The digestive system
Why digestion?
Food molecules (starch, protein, fat) are too large and insoluble to be absorbed across the gut wall. Digestion breaks them down into small soluble molecules using enzymes.
Path of food
- Mouth — teeth chew, saliva (containing amylase) starts starch breakdown.
- Oesophagus — peristalsis pushes food to the stomach.
- Stomach — protease (pepsin) digests protein in acidic conditions (HCl, pH ~2).
- Small intestine (duodenum then ileum) — pancreatic juice and bile mix in; final digestion + absorption.
- Large intestine — water absorbed.
- Rectum / anus — faeces stored, egested.
Three key digestive enzymes
| Enzyme | Substrate | Product | Made in |
|---|---|---|---|
| Amylase (carbohydrase) | Starch | Maltose / sugars | Salivary glands, pancreas |
| Protease | Protein | Amino acids | Stomach, pancreas |
| Lipase | Lipids (fats) | Fatty acids + glycerol | Pancreas |
Each enzyme has an optimum pH. Pepsin in the stomach works at pH 2; pancreatic enzymes work at slight alkaline pH (~8) in the duodenum.
Bile
Bile is made in the liver, stored in the gall bladder, released into the duodenum.
Two roles:
- Emulsifies fats — large fat droplets are broken into many smaller droplets, increasing surface area for lipase to act on. This SPEEDS UP fat digestion but is not itself a chemical digestion.
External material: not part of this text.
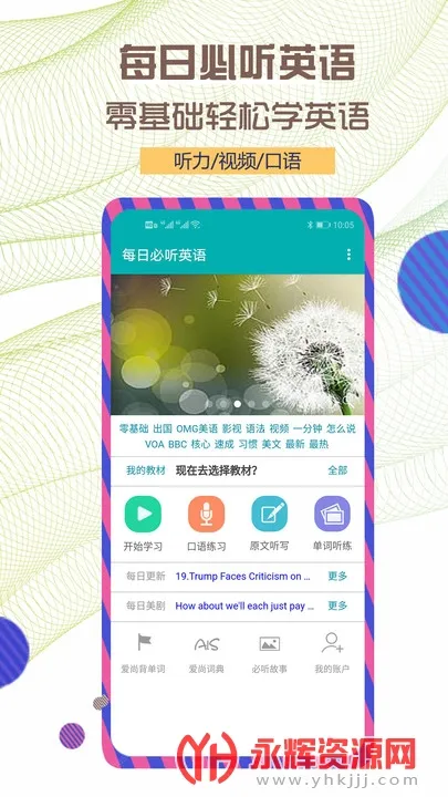 每日必听英语是一款手机英语学习软件,提供海量听力资料、口语教材。有强大学习模式,支持多种收听方式,还有口语打分、原文听写等功能,能自动评估发音,帮助用户轻松学英语,告别哑巴英语。

- Neutralises stomach acid — bile is alkaline; raises pH so pancreatic enzymes can work.
Absorption
In the small intestine, the lining is folded into villi (and microvilli on each cell). Adaptations:
- Large surface area
- Thin (one-cell-thick) wall — short diffusion distance
- Rich blood supply removing absorbed molecules, maintaining concentration gradient
WJEC exam tip
When asked about bile, always mention BOTH its functions (emulsification and pH neutralisation). Examiners flag candidates who only state emulsification.